# what is easy? .NET? or JAVA?



## sepala (May 20, 2010)

I am gonna ask some kind of a different question.

I am in JAVA track, and most of friends in university says, if JAVA is gonna be more hard, they will definitely jump to .NET track (Fortunately, still I don't have that situation ). Even our senior students in .NET track says they selected .NET because JAVA is too hard. My question is , is .NET really easy compared to JAVA??????? if it is why is that? (Anyhow my personal idea is, if you do something with enough effort, then there is nothing hard. But I really want to know the truth.).. If .NET is easier than JAVA, then I can study BOTH!


----------



## calvin-c (May 17, 2006)

There seems to be a fairly common belief that the language is what makes programming either hard or easy. IMO that's not true. What makes programming either hard or easy are the tools you use. Some tools are definitely easier to use than others. I've done little work in Java so the only 'tool' I've used is a text editor. That makes Java considerably harder, for me, than .Net where I use Visual Studio with all the Intellisense, object browsers, etc. But that's the tool-I've also done some .Net programming with a text editor & that was just as hard, IMO, as Java.

One thing that makes programming easy or hard, irrespective of the tools, is how well you learn the basics. Despite what they tell you about objects, if you don't really know what an object does with the inputs you give it then sooner or later that lack of knowledge will bite you. One rule I give beginning programmers is to simplify. Pick a couple of objects/classes & really learn how to use them-then add more. If you try to learn all the objects at once (e.g. to make your programs efficient or 'elegant') then you'll find the 'language' to be very hard to learn. But if you start simply, learning the basics & then building, it doesn't really matter which language you use.


----------



## Ent (Apr 11, 2009)

Remember that there are other considerations than ease of programming that make you decide to go for a specific language. For example Java remains more cross-platform than .Net, the latter will only work on Windows machines. Java is a feature on the web, whereas .net isn't. I agree with you; I want to learn as much as I can, and that means not restricting myself to any single tool.

While Calvin-C's point about the environment is very significant, I think the language itself does play a part. In particular if you already know a similar language one will be far easier to pick up. I was first introduced to programming in QBasic, so VB.net was immediately easy for me to learn and I stuck with it. I looked at Java, but decided to leave it for a bit later on. Contrawise I suspect that someone familiar with C would find Java easier to learn. However this is confused by the fact that there is no one .net programming language: for example VB, and C# are both used within the .net programming environment.
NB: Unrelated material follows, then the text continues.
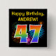 Dieses lustige, lebendige Knopfdesign zeichnet sich durch ein farbenprächtiges Muster aus, das durch das Bersten von feierlichen Feuerwerken inspiriert wird, sowie durch die Zahl "47" mit einem farbenfrohen Regenbogen-inspiriert Spektrum oder Gradientenmuster. Es enthält auch eine individuelle Name- und Veranstaltungsnachricht, wie zum Beispiel den Geburtstagsgruß "Happy Birthday". Ein solcher Knopf könnte von den Teilnehmern einer Geburtstagsparty getragen werden, die zur Feier des siebenundvierzigsten Geburtstages von jemandem veranstaltet wird. [~Z0000334]

I also have a sneaky feeling that it's easier to be spoiled and learn to program really badly in .net, because you can bang together the components that Microsoft gives you without really knowing or caring where they come from.


That's my take at least.


----------



## sepala (May 20, 2010)

I agree with both of you. Actually whenever we think something is HARD, then it automatically becomes HARD. Isn't it?


----------



## volatile (Aug 14, 2007)

Ent said:


> Remember that there are other considerations than ease of programming that make you decide to go for a specific language. For example Java remains more cross-platform than .Net, the latter will only work on Windows machines. Java is a feature on the web, whereas .net isn't. I agree with you; I want to learn as much as I can, and that means not restricting myself to any single tool.
> 
> While Calvin-C's point about the environment is very significant, I think the language itself does play a part. In particular if you already know a similar language one will be far easier to pick up. I was first introduced to programming in QBasic, so VB.net was immediately easy for me to learn and I stuck with it. I looked at Java, but decided to leave it for a bit later on. Contrawise I suspect that someone familiar with C would find Java easier to learn. However this is confused by the fact that there is no one .net programming language: for example VB, and C# are both used within the .net programming environment.
> 
> ...


Just wanted to point out ASP.NET and Silverlight for the webby .NET aspect.


----------



## DaBeers (Oct 31, 2008)

There is also the fact that C# and Java are so much alike it's insulting. Given the choice, I program in VB or C# .Net, but Java programming in Eclipse is just as productive and enabling.


----------



## sepala (May 20, 2010)

> There is also the fact that C# and Java are so much alike it's insulting. Given the choice, I program in VB or C# .Net, but Java programming in Eclipse is just as productive and enabling.


I also like C#..


----------



## sepala (May 20, 2010)

I can't install MS C# Express edition bcs it always fails to install SQL 2008 express. So is there are any software I can use rather than this C# software?


----------



## DoubleHelix (Dec 10, 2004)

If you're going to code, you should get a modern computer that's up to the task. I see you're running Windows XP SP2. Time to upgrade. Get something powerful enough to run virtualization software, and then you can test your programs on various platforms.


----------



## sepala (May 20, 2010)

Ya, My hardware is powerful but I am having sp2. I got W7 Ultimate, but I can't install it(No direct upgrade from XP, isn't it?) until my project and exams finished.


----------



## DoubleHelix (Dec 10, 2004)

You don't want to do an upgrade in place from XP to 7. You want to do a clean install. Your specs list 4GB of RAM, so you'll want to install the 64-bit version of Windows 7 so the system can actually use all the RAM.


----------



## sepala (May 20, 2010)

> You don't want to do an upgrade in place from XP to 7. You want to do a clean install. Your specs list 4GB of RAM, so you'll want to install the 64-bit version of Windows 7 so the system can actually use all the RAM.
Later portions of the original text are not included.